An additional consideration in terms of the methods employed for analyzing a process of recurrent events is the type of covariates available for study. As in Lawless (2007), covariates are most commonly classified as fixed or time-varying covariates based on the distinct relationship between the covariate value and time. In other words, fixed covariates are also referred to as time-independent covariates, as their value does not change during the event process. Examples of time-independent covariates are birth year, identification number, or treatment group.

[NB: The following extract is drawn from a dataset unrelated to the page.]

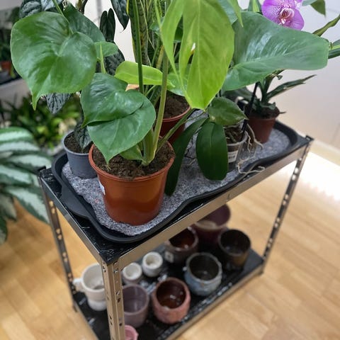 Begge hylder har en blød absorberende måtte, som holder på fugten og giver planterne vand helt automatisk.

On the other hand, time-varying covariates are also referred to as time-dependent variables, as their values typically change throughout the event process. Examples of time-dependent covariates include age, weight, or presence of infection. An additional distinction is frequently made between internal and external time-varying covariates, or between internal and ancillary time-varying covariates, which are equivalent distinctions. Time-dependent variables are typically “internal” variables, which represent values corresponding to the intrinsic properties of the focus of study, or observational unit. Internal variables are typically the product of a stochastic process. Conversely, ancillary or external variables are those that change value as a result of an external influence which may effect more than a single observational unit(Kleinbaum, Klein, and Samet 2006). As Lawless (2007) describes, external variables are typically determined independently of the underlying stochastic event process, although they may still be time-dependent.

Cox and Oakes (1998) introduces an additional category of time-dependent covariates called evolutionary covariates, which depend only on the history, \(\mathscr{H}_{t}\), of the event process. In the example, the history of the event process refers to “the history of failures, censoring and of any other random features of the problem all up to time \(t\)(Cox and Oakes 1998).”

5.2.4 Models for Event Counts

As summarized in Lawless (2007), event counts are often represented by a Poisson process, “which describes situation where events occur randomly in such a way that the numbers of events in non-overlapping time intervals are statistically independent.” Additionally, the text also mentions that Poisson processes are often used to model events that are considered “incidental”, or caused by random external factors. In the context of modelling event counts or occurrence rate, the Poisson process is defined by the intensity function:

\[\begin{equation} \lambda_{i}\left(t | H_{i}(t)\right)=\lim _{\Delta t \downarrow 0} \frac{\operatorname{Pr}\left\{\Delta N_{i}(t)=1\right\}}{\Delta t}=\rho(t),\quad t>0 \end{equation}\]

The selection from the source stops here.